Transcribe this listing exactly; omit the pictures.

RECORDS FOR THE TASK START

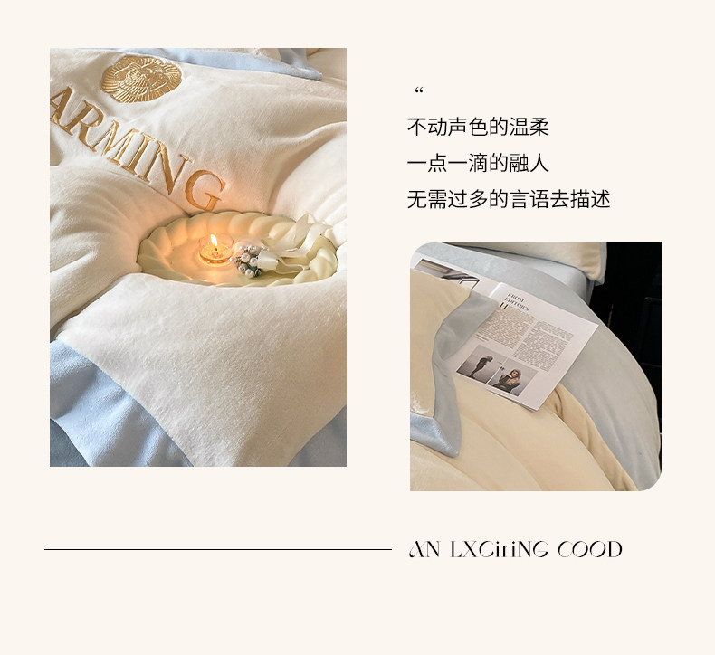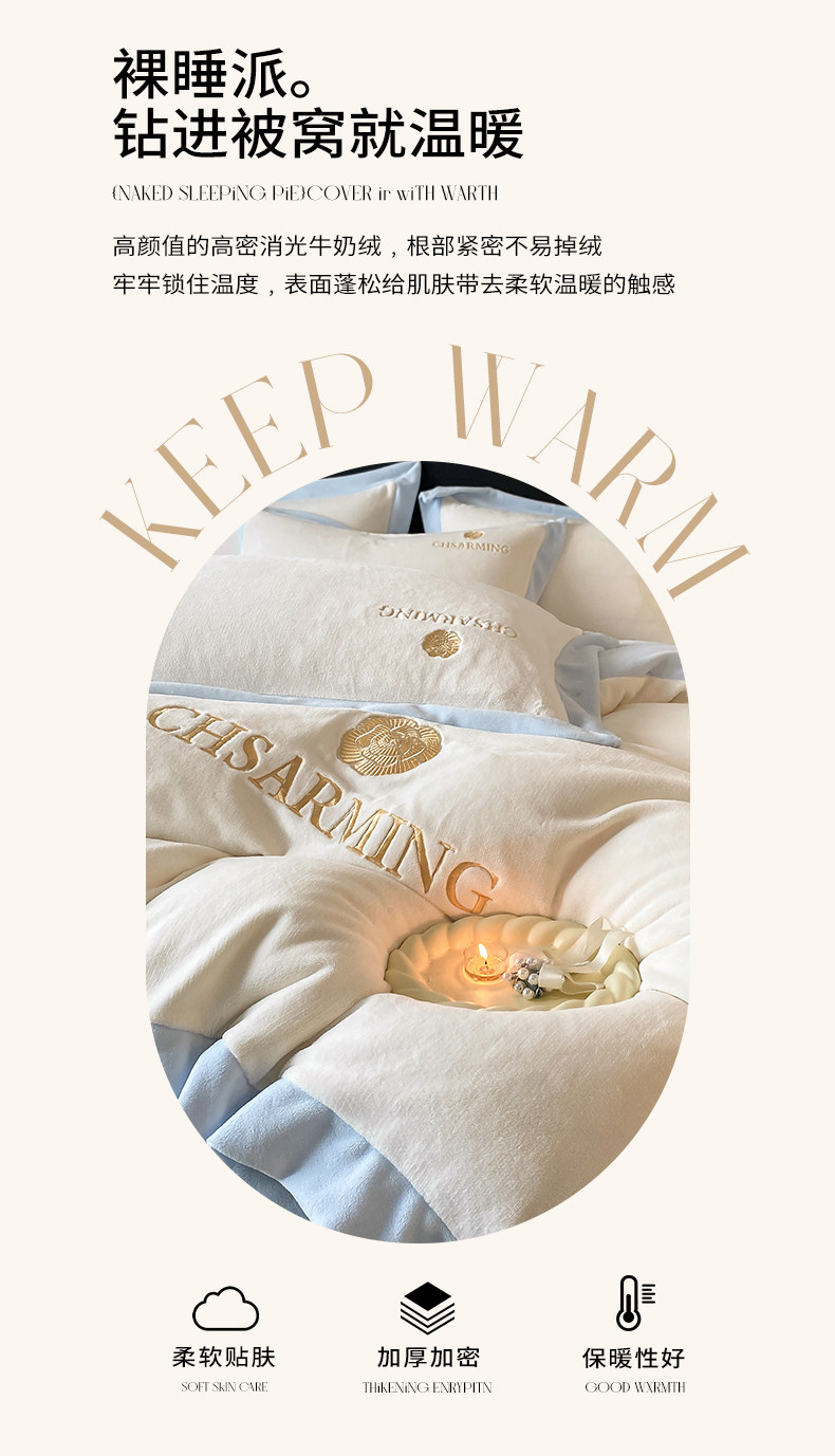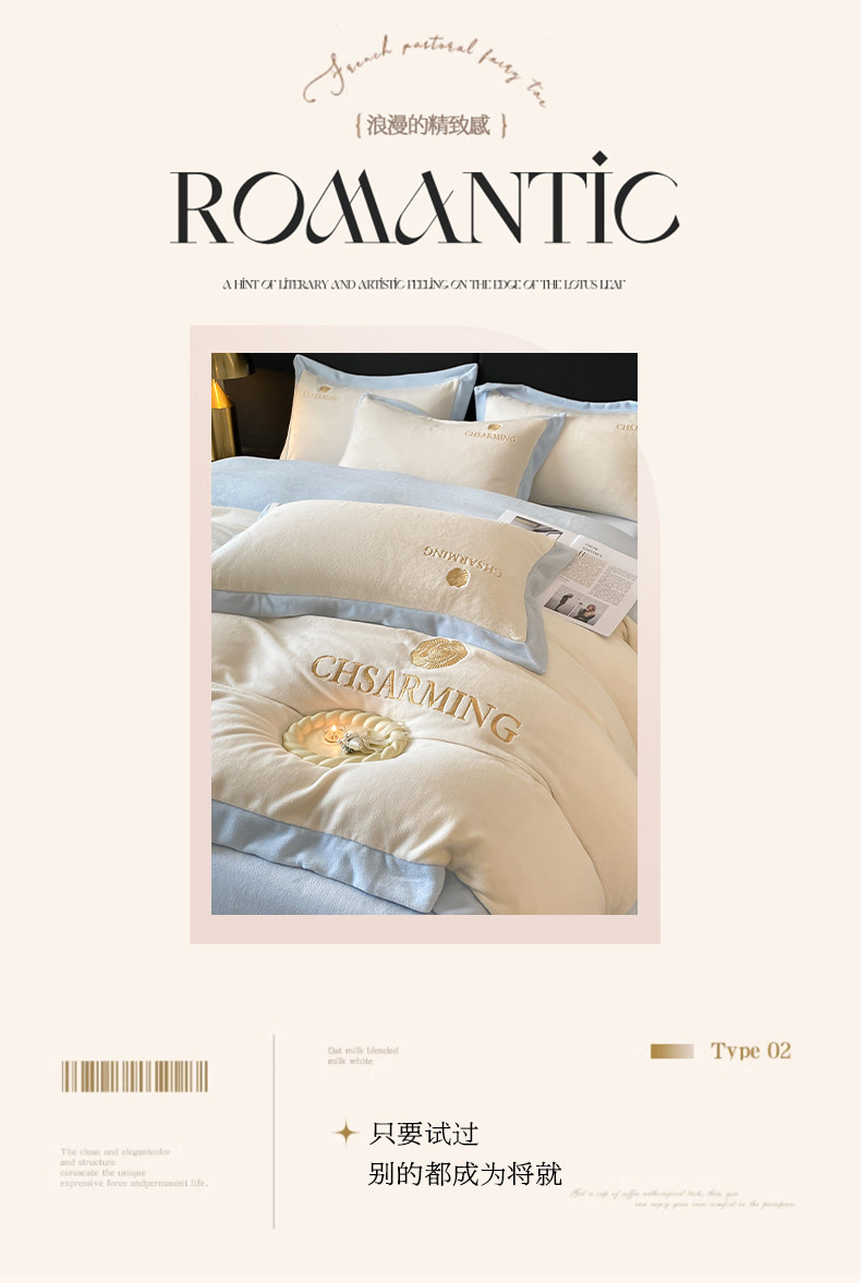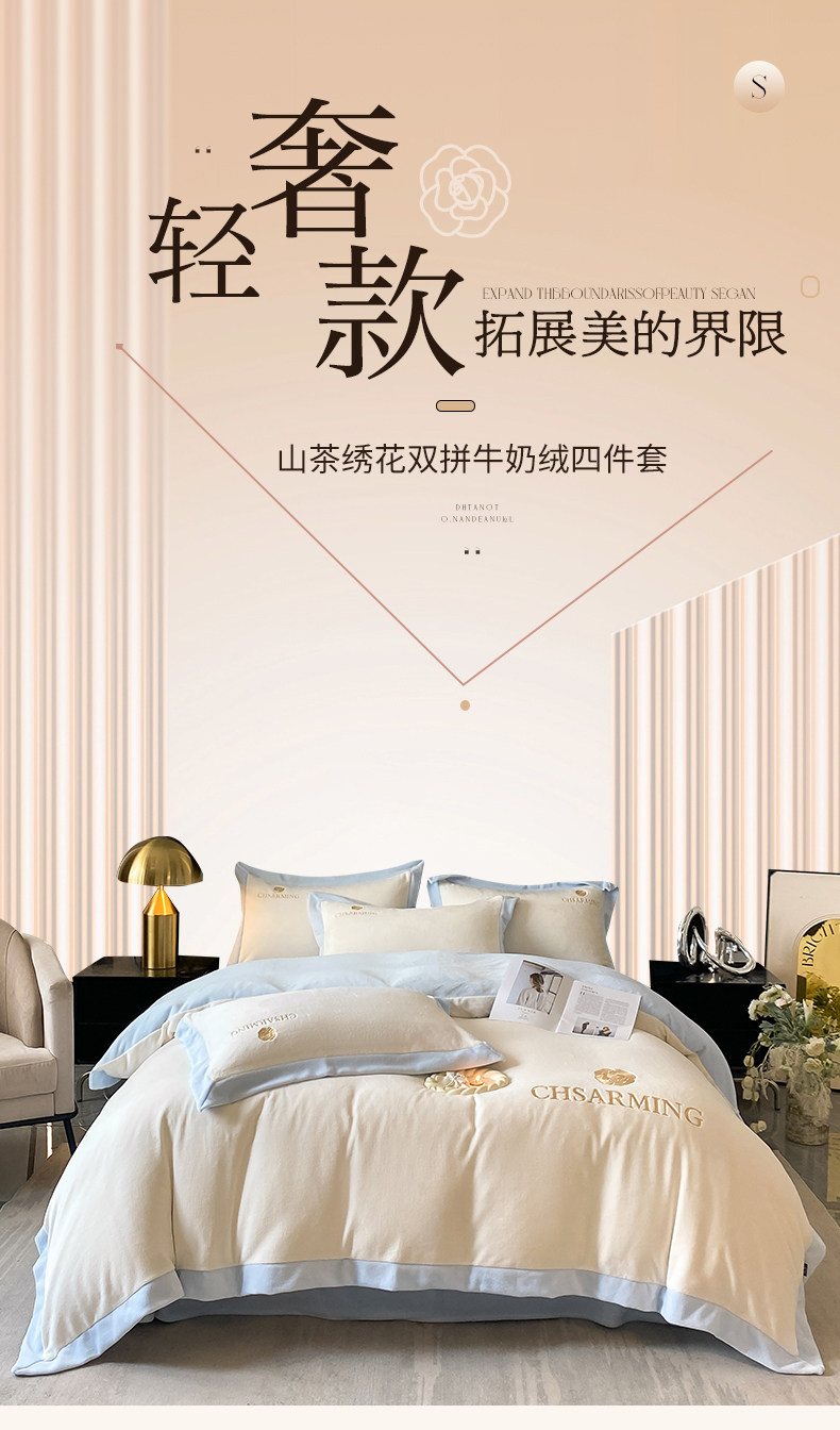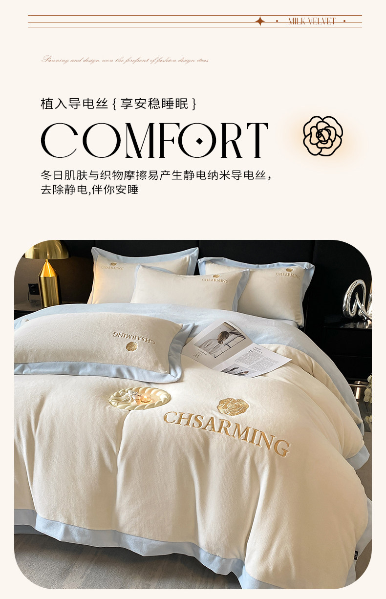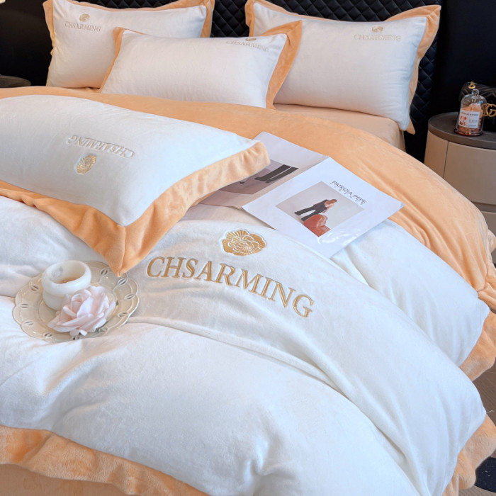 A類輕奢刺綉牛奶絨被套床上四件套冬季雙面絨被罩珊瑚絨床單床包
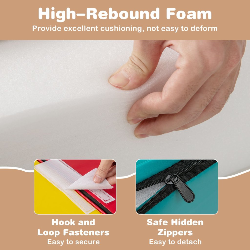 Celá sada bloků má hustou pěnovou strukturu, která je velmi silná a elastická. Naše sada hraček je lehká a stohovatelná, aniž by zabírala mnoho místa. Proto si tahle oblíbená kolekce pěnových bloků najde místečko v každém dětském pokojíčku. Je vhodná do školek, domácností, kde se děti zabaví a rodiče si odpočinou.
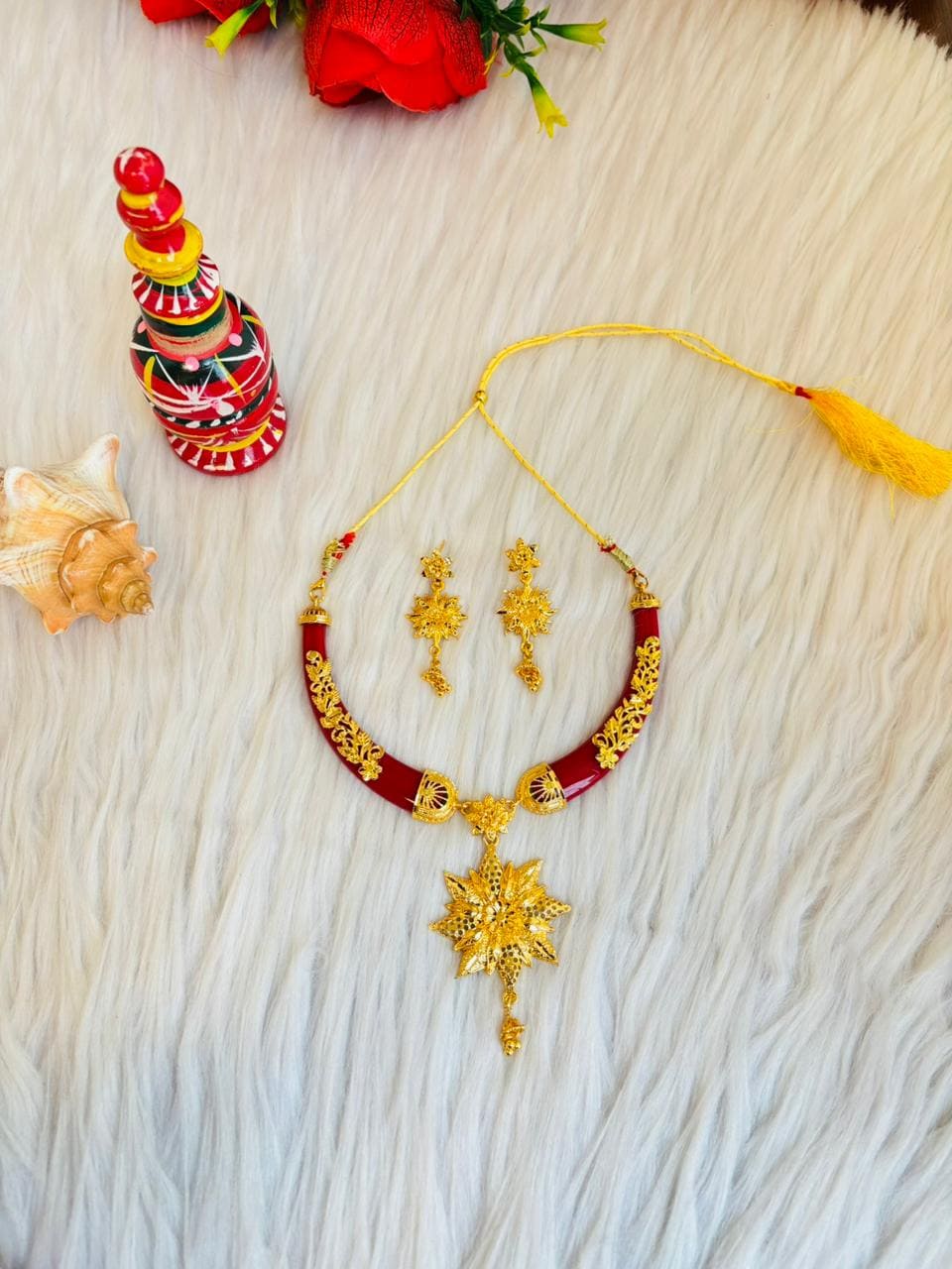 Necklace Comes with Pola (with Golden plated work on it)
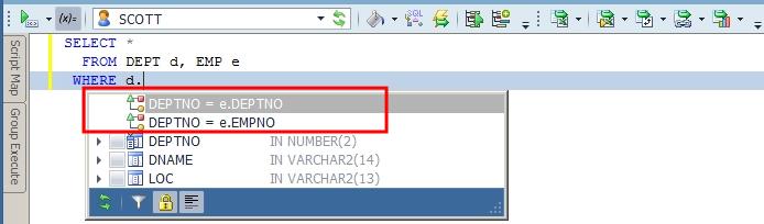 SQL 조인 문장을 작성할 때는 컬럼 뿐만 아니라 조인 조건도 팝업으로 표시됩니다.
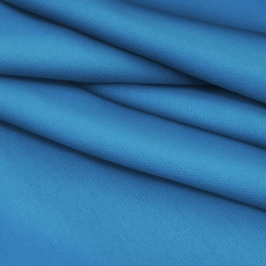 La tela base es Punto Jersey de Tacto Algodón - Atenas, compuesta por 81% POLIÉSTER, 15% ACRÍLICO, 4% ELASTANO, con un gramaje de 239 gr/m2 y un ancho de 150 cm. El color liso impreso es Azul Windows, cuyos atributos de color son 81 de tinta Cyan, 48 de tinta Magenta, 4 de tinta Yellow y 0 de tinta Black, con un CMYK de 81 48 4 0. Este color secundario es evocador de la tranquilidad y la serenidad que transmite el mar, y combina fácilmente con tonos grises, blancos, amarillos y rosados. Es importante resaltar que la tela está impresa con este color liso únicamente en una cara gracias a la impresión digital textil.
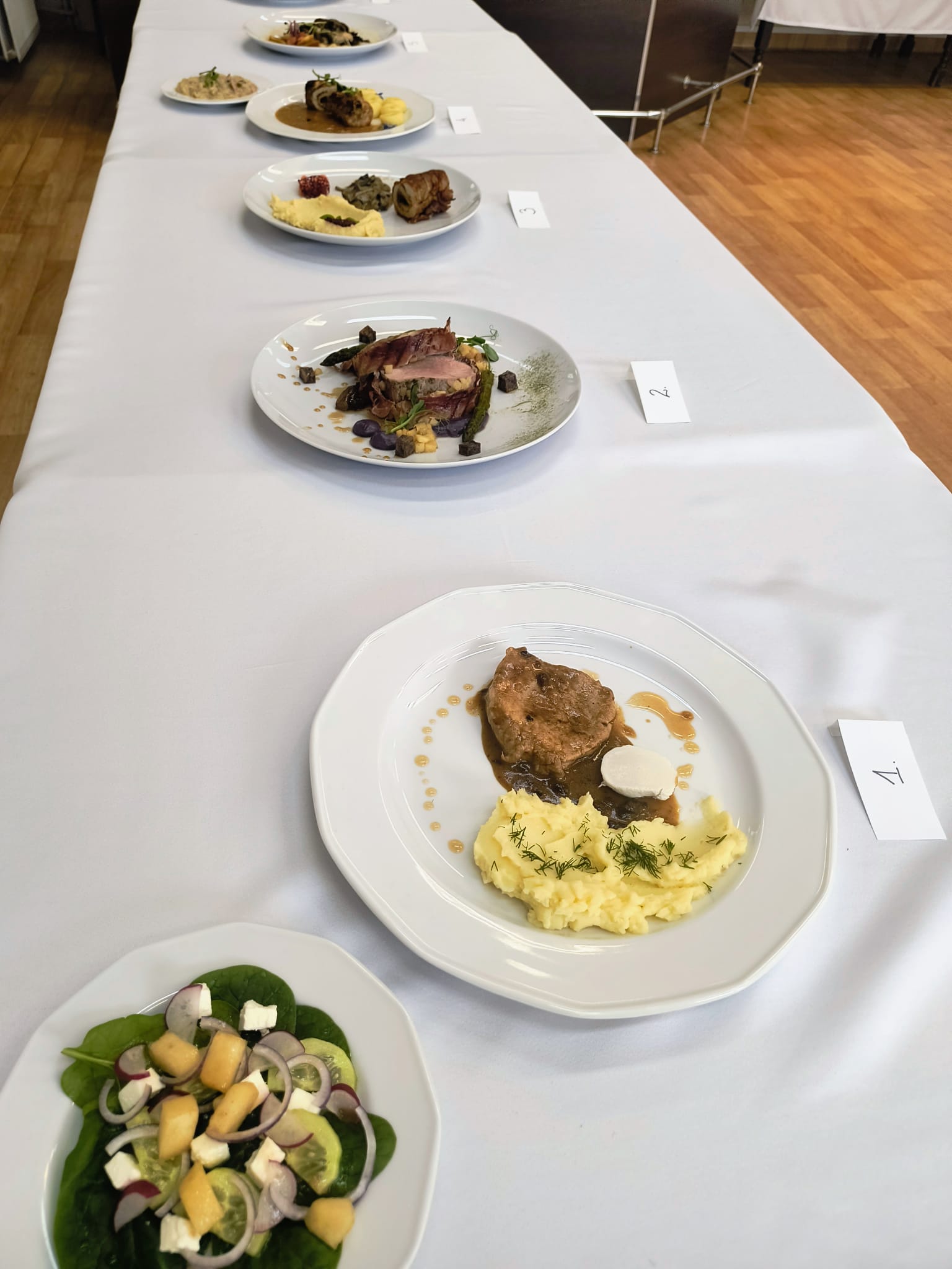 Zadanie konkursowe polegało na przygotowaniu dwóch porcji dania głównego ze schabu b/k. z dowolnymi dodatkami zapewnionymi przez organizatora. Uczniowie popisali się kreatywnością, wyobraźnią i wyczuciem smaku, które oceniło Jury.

RECORDS FOR THE TASK END

**PROBLEM SOLUTION:**
 A類輕奢刺綉牛奶絨被套床上四件套冬季雙面絨被罩珊瑚絨床單床包
 Celá sada bloků má hustou pěnovou strukturu, která je velmi silná a elastická. Naše sada hraček je lehká a stohovatelná, aniž by zabírala mnoho místa. Proto si tahle oblíbená kolekce pěnových bloků najde místečko v každém dětském pokojíčku. Je vhodná do školek, domácností, kde se děti zabaví a rodiče si odpočinou.
 Necklace Comes with Pola (with Golden plated work on it)
 SQL 조인 문장을 작성할 때는 컬럼 뿐만 아니라 조인 조건도 팝업으로 표시됩니다.
 La tela base es Punto Jersey de Tacto Algodón - Atenas, compuesta por 81% POLIÉSTER, 15% ACRÍLICO, 4% ELASTANO, con un gramaje de 239 gr/m2 y un ancho de 150 cm. El color liso impreso es Azul Windows, cuyos atributos de color son 81 de tinta Cyan, 48 de tinta Magenta, 4 de tinta Yellow y 0 de tinta Black, con un CMYK de 81 48 4 0. Este color secundario es evocador de la tranquilidad y la serenidad que transmite el mar, y combina fácilmente con tonos grises, blancos, amarillos y rosados. Es importante resaltar que la tela está impresa con este color liso únicamente en una cara gracias a la impresión digital textil.
 Zadanie konkursowe polegało na przygotowaniu dwóch porcji dania głównego ze schabu b/k. z dowolnymi dodatkami zapewnionymi przez organizatora. Uczniowie popisali się kreatywnością, wyobraźnią i wyczuciem smaku, które oceniło Jury.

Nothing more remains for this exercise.